4. Сибиреязвенная вакцина — сти
I. Лечебно-профилактический II. Содержит антиген III. Получение: представляет собой лиофилизированную взвесь живых спор вакцинного штамма Bacillus anthracis СТИ-1 в 10% р-ре сахарозы. IV. Применение: формирует приобретенный искусственный активный антибактериальный иммунитет V. Не дозируется
Вариант 8
1.Общая характеристика возбудителя сифилиса (таксономия, морфология, культуральные свойства, факторы патогенности).
Таксономия:
Порядок – Spirochaetales
Семейство – Spirochaetaceae
Род – Тreponema
Вид – Тreponema pallidum
Морфология. Имеют удлиненное штопорообразное извитое гибкое тело, первичные постоянные завитки (от 8 до 12), расположенные на равном расстоянии друг от друга. От каждого конца клетки отходят три периплазматических жгутика, обуславливающие плавное движение трепонемы. Спор и капсул не образуют, но при неблагоприятных условиях могут превращаться в цисты и L-формы.
Грамотрицательные, но плохо окрашиваются анилиновыми красителями, по Романовскому-Гимзе – в слабо-розовый цвет , осуществляют метод серебрения по Морозову и негативное контрастирование по Бурри.
Культуральные свойства.
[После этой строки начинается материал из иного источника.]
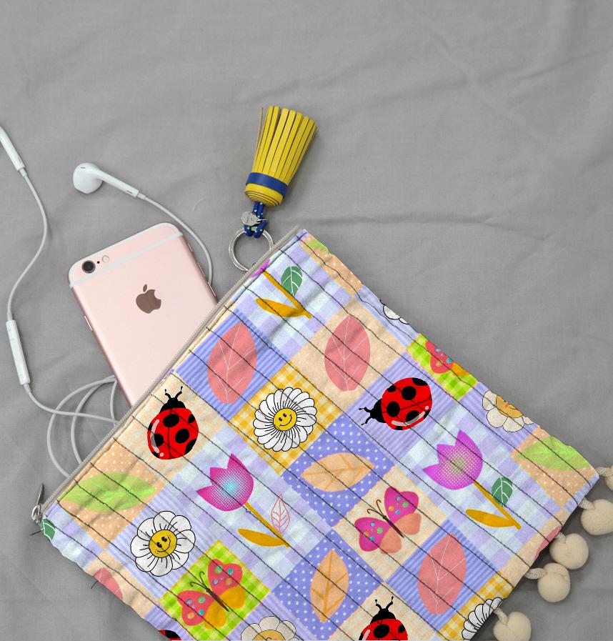 生気あふれる蝶、てんとう虫、チューリップ、葉などの要素が特徴

Облигатный анаэроб, оптимальная температура – 35-37 С, рН 7,2. Бледную трепонему не культивируют на питательных средах, хотя при добавление к питательным средам почечной, мозговой ткани или асцитической жидкости на 3-5 сутки вырастают мелкие колонии, но “культуральные” штаммы трепонем изменяют свою морфологию (становятся более грубыми, короткими, полиморфными), утрачивают иммуногенность и патогенность. Трепонемы хорошо растут, не теряя своих иммунногеных и патогенных свойств в тестикулах кроликов, в куриных эмбрионах, что используется для выделения и изучения возбудителя от больных.
Биохимически малоактивны: могут разлагать некоторые сахара (глюкозу, галактозу, сахарозу, мальтозу, маннит) с образованием кислоты.
Факторы патогенности:
Токсины – эндотоксин (ЛПС клеточной стенки).
Ферменты патогенности не выявлены;
Структурные и химические компоненты клетки: высокая подвижность за счет жгутиков, адгезины (белки наружной мембраны) и фактор, противостоящий фагоцитозу.